A similar situation applies to OPEX. Fortescue Metals Group projects shipment of 155 million tonnes of 62% Fe from its Western Australian operations in 2014, and forecasts a total production cost of US$51 per tonne.

These high CAPEX and OPEX numbers are impacting Chinese investment into development of alternative and lower cost sources of iron ore. African Minerals Ltd (AIM: AMI) is fast tracking the development of the Tonkolili iron ore resource in Sierra Leone with the support of major Chinese investors that include Shandong Iron & Steel, China Railways Material Company and an upcoming investment of US$990 million by Tewoo for a 10% stake that values Tonkolili at US$6 billion.

Tonkolili is currently producing and targeting a run rate of 20 million tonnes per annum in 2014. Projected EBITDA is US$31 per tonne or US$620 million, and capital intensity of US$120 per tonne.

The PFS for Agbaja projects an EBITDA of US$136 million / A$154 million, and application of the same EBITDA to market valuation that Tewoo applies to Tonkolili produces a market valuation of US$1.5 billion / A$1.71 billion.

The AIM market currently capitalises African Minerals Ltd at A$994.7 million for a projected 65% interest in Tonkolili, or A$76.51 per tonne of annualised output. Applying the same valuation to Kogi Iron's proposed output of 5 million tonnes per annum produces a valuation of A$382.6 million or $1.19 per Kogi Iron share on an undiluted basis, and applies on commencement of production.

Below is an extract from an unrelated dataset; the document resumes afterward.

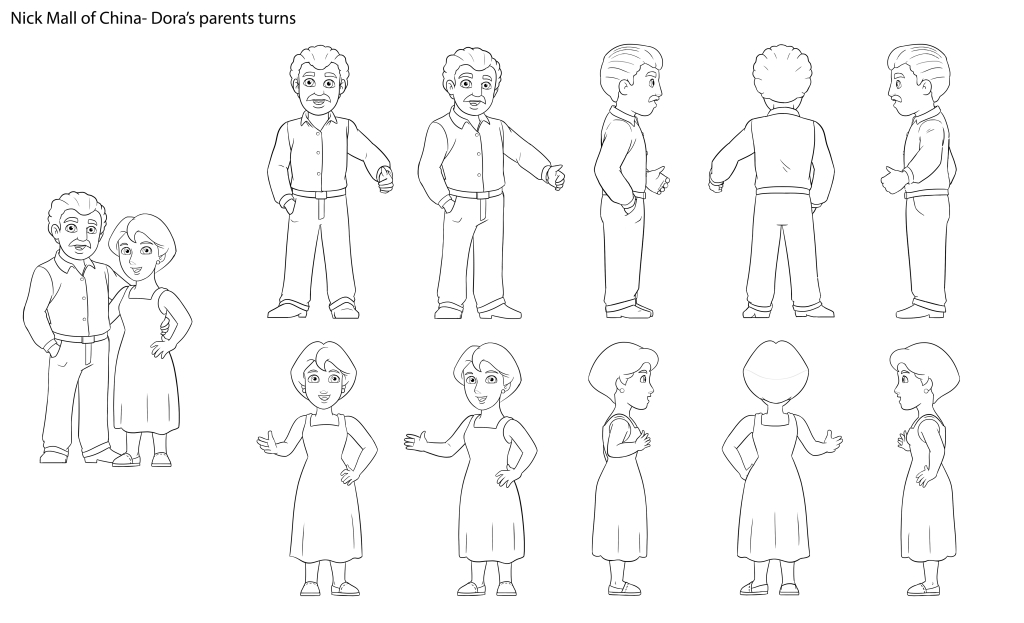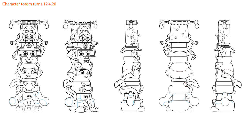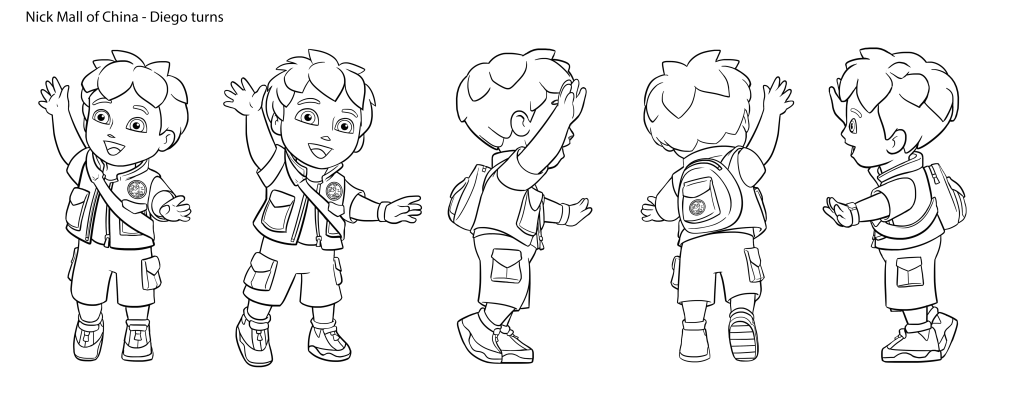 Creating technical drawings for the production of sculptures or walk-around character costumes is a trade that involves a keen eye and an understanding of form and space. These are turn poses that I did for Nickelodeon as they were planing attractions at several locations and needed sculpts produced.

Zanga Iron (AIM: ZIOC) is developing a large scale iron ore resource in the Republic of Congo in a joint venture with Xstrata. The Company owns a 50% interest and has completed studies for a 12 million tonne per annum production rate, with a capital intensity of US$200 per tonne, and cash costs of US$40 per tonne. Zanga is valued at A$108.9 million or A$18.15 per tonne of proposed annualised output.

Kogi Iron is currently moving into a bankable feasibility stage, and valuations should be roughly comparable with Zanga, which remains unfunded. This equates to a valuation of A$90.8 million for Kogi Iron, on completion of Definitive Feasibility Studies, or A$0.28 per share.